British Indo-Europeanist (born 1966)

James Peter Timothy Clackson (born 13 September 1966) is a British linguist and Indo-Europeanist. He is a professor of Comparative Philology at the Faculty of Classics, University of Cambridge, and a Fellow and Director of Studies at Jesus College, Cambridge.

== Biography ==
Clackson was born on 13 September 1966 in Gloucester. His father is Andrew Peter Clackson and his mother is Anne Claire Clackson (née Bramley). He attended Loughborough Grammar School and then Trinity College, Cambridge, where he received his BA in 1988, his MA, and his PhD in 1992. While at the University of Cambridge, Clackson studied under Robert Coleman. His Ph.D. thesis served as a basis for his 1994 book The Linguistic Relationship between Armenian and Greek. His research interests include ancient languages of the Italian peninsula (Latin, Sabellian, Etruscan), Indo-European linguistics, Latin linguistics, Greek linguistics and Armenian.

He was a junior research fellow at Trinity College, Cambridge from 1991 to 1995, a lecturer in classics at the University of Cambridge from 1997 to 2012, and a reader in Comparative Philology from 2012 to 2016. Since 1998, he has been a fellow of Jesus College, Cambridge. He was awarded a Philip Leverhulme Prize in 2001. He is currently the editor of the Transactions of the Philological Society, the oldest scholarly journal devoted to the study of language that has an unbroken tradition.
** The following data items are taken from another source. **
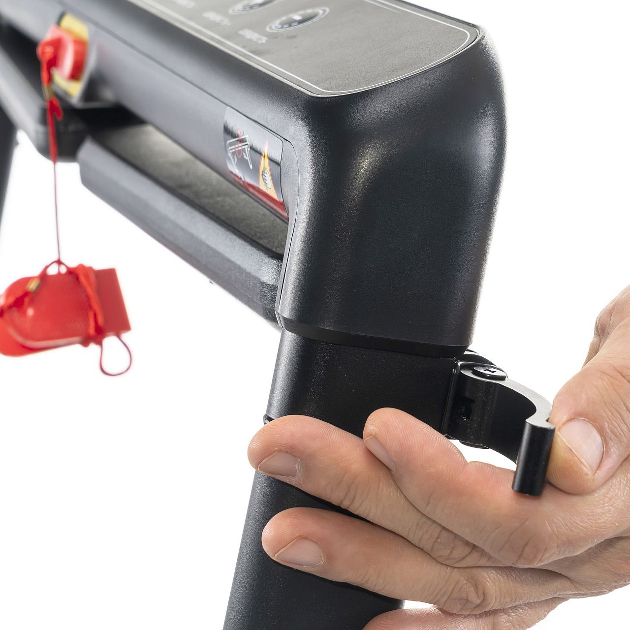 Складна конструкція забезпечує максимальну компактність після завершення тренування – доріжку легко прибрати під ліжко або до шафи. У комплекті є ключ безпеки , який миттєво зупиняє бігове полотно у разі потреби. Така система робить тренування не лише зручними, а й абсолютно безпечними.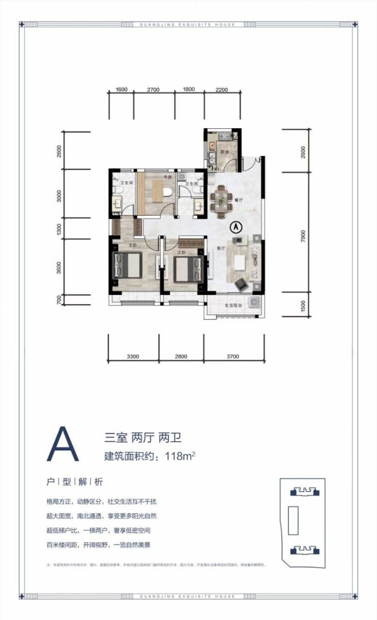 【冠景·上院】超百米楼间距,造就低密社区。一梯两户,一梯一户,极致梯户配比。精研人居需求,以空间哲学与宽广尺度匠筑约102m²-118m²舒适三房。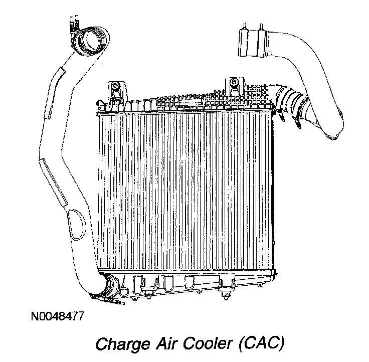 The CAC is composed of a radiator mounted in the grill of the vehicle and the tubing used to connect the output of the turbocharger to the intake of the engine. The CAC is designed to cool the induction air which has been heated by the turbocharger. As the heated air flows through the CAC, heat is transferred to the outside air reducing the temperature of the intake air.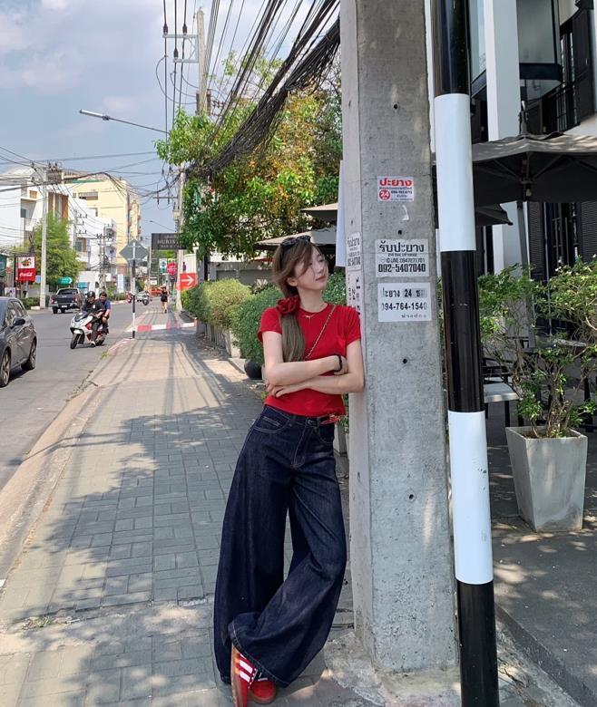 T恤和牛仔褲纔是夏天正確的打開方式,紅色短袖t恤,穿起來也太顯洋氣和吸睛了,配牛仔藍闊腿褲,更多了幾分隨性休閒感。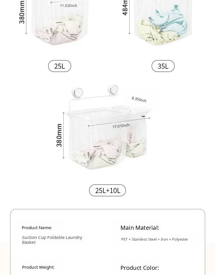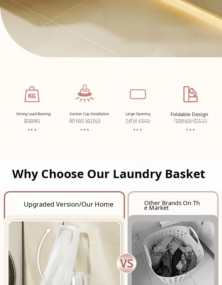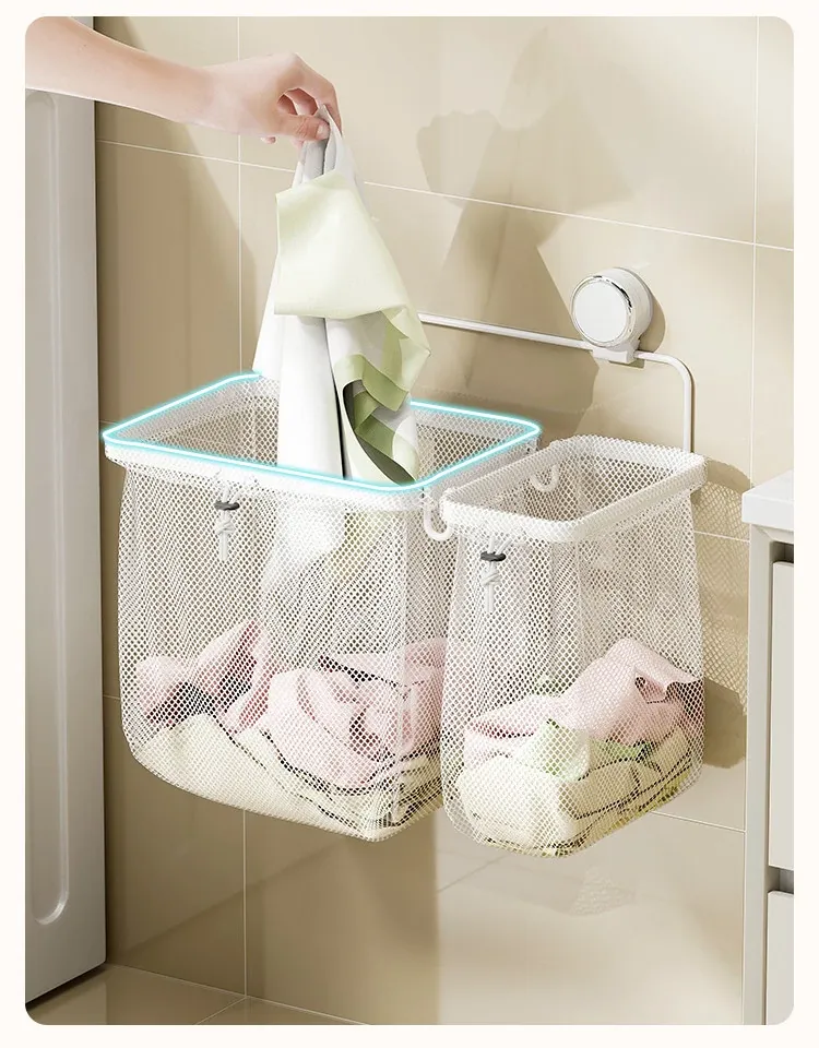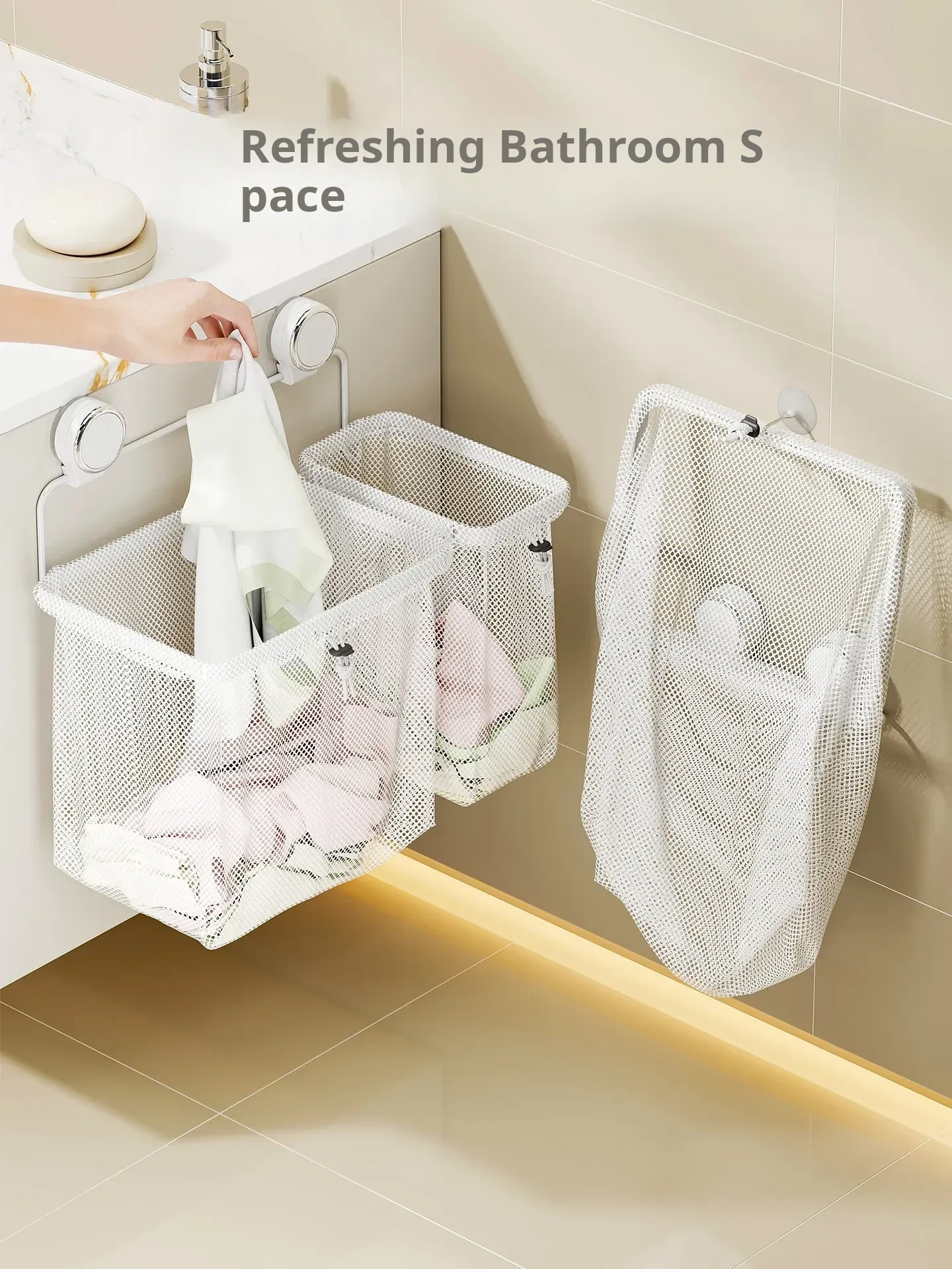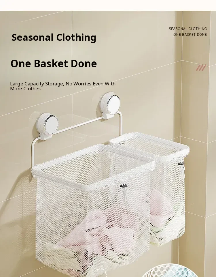 Wall-Mounted Suction Cup Laundry Basket - Space-Saving Foldable Dirty Clothes Bin for Bathroom, Perfect for Home Organization and Easy Storage!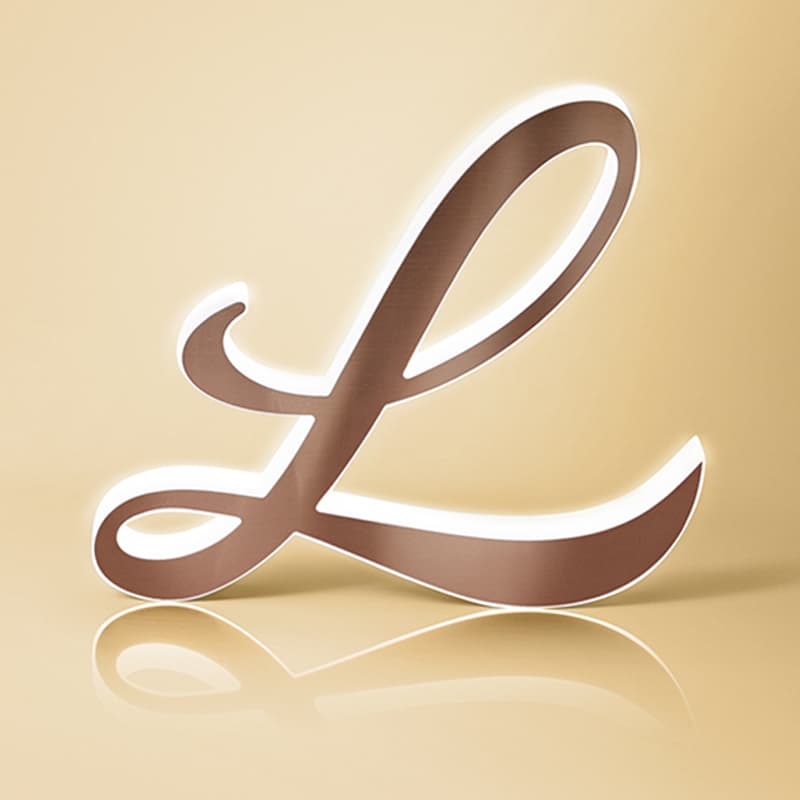 Wzmocnione konstrukcją od środka. Nieszablonowe wielkie litery 3D osadzone na podeście to odważne podkreślenie Twojej nazwy, loga marki...

Clackson is the current Secretary of the Friends of the Parish of the Ascension Burial Ground, where there is a memorial to his first wife, Sarah Clackson, who died in 2003. He has been married to the sociologist Veronique Mottier since 2005.

==Publications==

Books
- The Linguistic Relationship between Armenian and Greek (Oxford, 1994)
- Indo-European Word Formation (co-edited with Birgit Anette Olsen, Copenhagen, 2004)
- The Blackwell History of the Latin Language (with Geoff Horrocks, Oxford, 2007)
- Indo-European Linguistics: An Introduction (Cambridge, 2007)
- A Companion to the Latin Language (editor, Malden MA, 2011)
- Language and Society in the Greek and Roman Worlds (Cambridge, 2015)

Others
- Clackson, J. and Meißner, T. eds, (2002) Nominal Composition in Indo-European Languages. Transactions of the Philological Society, Vol. 100, issues 2–3.
- Clackson, J. with A. Boud'hors, C. Louis, and P. Sijpesteijn eds, (2009) Monastic Estates in Late Antique and Early Islamic Egypt, Durham: American Society of Papyrologists.
- Clackson, J., (2013) 'The Origin of the Indic Languages: The Indo-European Model' in Angela Marcantonio and Girish Nath Jha (eds.) Perspectives on the origin of Indian civilization, New Delhi, 259–287. Published by Center for Indic Studies and D.K. Printworld (P) Ltd.